====== Supplied records ======

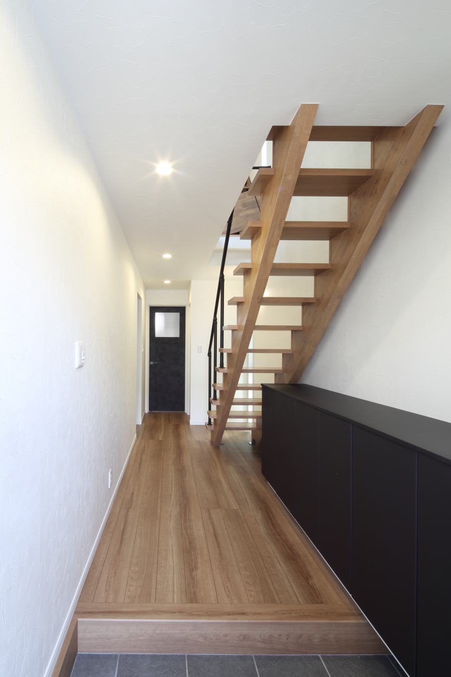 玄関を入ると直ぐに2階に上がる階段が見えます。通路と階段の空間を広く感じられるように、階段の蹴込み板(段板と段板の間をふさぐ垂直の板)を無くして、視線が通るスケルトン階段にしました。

======
====== Supplied records ======

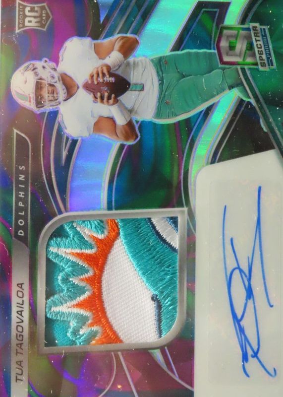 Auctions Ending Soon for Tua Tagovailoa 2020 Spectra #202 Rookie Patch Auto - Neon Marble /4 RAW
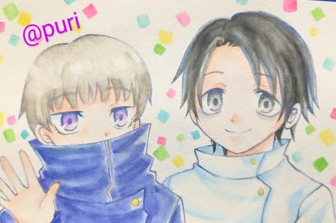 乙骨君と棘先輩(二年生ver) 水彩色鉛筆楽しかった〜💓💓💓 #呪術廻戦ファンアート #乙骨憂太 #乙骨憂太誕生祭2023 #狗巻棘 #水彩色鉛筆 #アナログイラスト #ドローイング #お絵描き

======

# [Work instruction]
Would you copy the lines above exactly, starting with the one that has "Auctions Ending Soon" and ending with the one that has "乙骨君と棘先輩(二年生ver) 水彩色鉛筆楽しかった〜💓💓💓 #呪術廻戦ファンアート", both included, without the pictures?

# [Solution below]
 Auctions Ending Soon for Tua Tagovailoa 2020 Spectra #202 Rookie Patch Auto - Neon Marble /4 RAW
 乙骨君と棘先輩(二年生ver) 水彩色鉛筆楽しかった〜💓💓💓 #呪術廻戦ファンアート #乙骨憂太 #乙骨憂太誕生祭2023 #狗巻棘 #水彩色鉛筆 #アナログイラスト #ドローイング #お絵描き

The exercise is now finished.